While renewable energy and decarbonisation are essential for addressing climate change, current pathways often shift environmental and health burdens onto forests and local communities. Mining, bioenergy expansion, and poorly designed energy infrastructure can degrade ecosystems, reduce biodiversity, and create inequitable health impacts. Therefore, balancing emissions reduction with forest integrity and human well-being is critical. Integrating forest-friendly technologies, such as floating solar, and considering the broader ecological and social implications of climate policies can help ensure that decarbonisation supports both planetary health and sustainable development goals.


References

Forest Declaration Assessment. (2025, October 14). Delivery on forest pledges massively off course with only five years until zero deforestation deadline [Press release]. https://forestdeclaration.org/press-release-forest-pledges-2025/

Ojha, H., Maraseni, T., Nightingale, A., & Bhattarai, B. (2019). Rescuing forests from the carbon trap. Forest Policy and Economics, 101, 15-18.
Perera, F. (2018). Pollution from fossil-fuel combustion is the leading environmental threat to global pediatric health and equity: Solutions exist. International journal of environmental research and public health, 15(1), 16.

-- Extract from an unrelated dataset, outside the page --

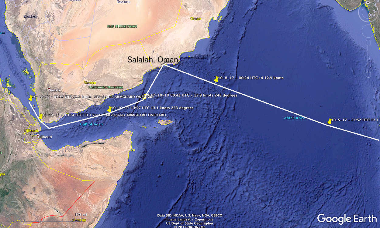 Vidanta Alegria's first port after leaving Singapore was Shalalah, Oman. It arrived on October 8 and left the next morning. There was no destination given other than the Red Sea area and Armguards Oboard.
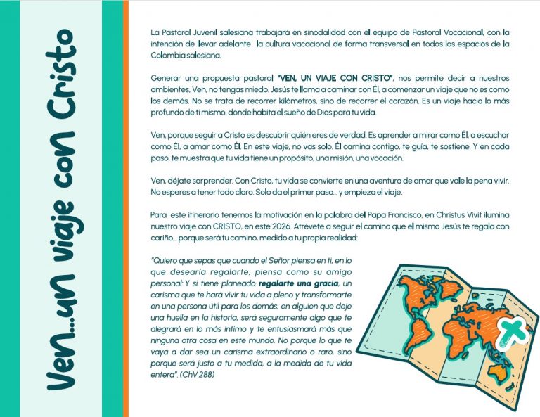 “Ven, descubre, vive: un viaje con Cristo” es el lema que guía los tres años de la propuesta pastoral, marcando un itinerario de encuentro, conocimiento y misión. Un camino formativo que invita a acercarse a Jesús, profundizar en su vida y asumir con alegría su envío.

Rasolofomboahangy, V. (2025, December 17). Mining controversies: The hidden toll of green energy. Mongabay.
https://news.mongabay.com/2025/12/mining-controversies-the-hidden-toll-of-green-energy/

Tian, J., Culley, S. A., Maier, H. R., & Zecchin, A. C. (2024). Is renewable energy sustainable? Potential relationships between renewable energy production and the Sustainable Development Goals. npj Climate Action, 3(1), 35.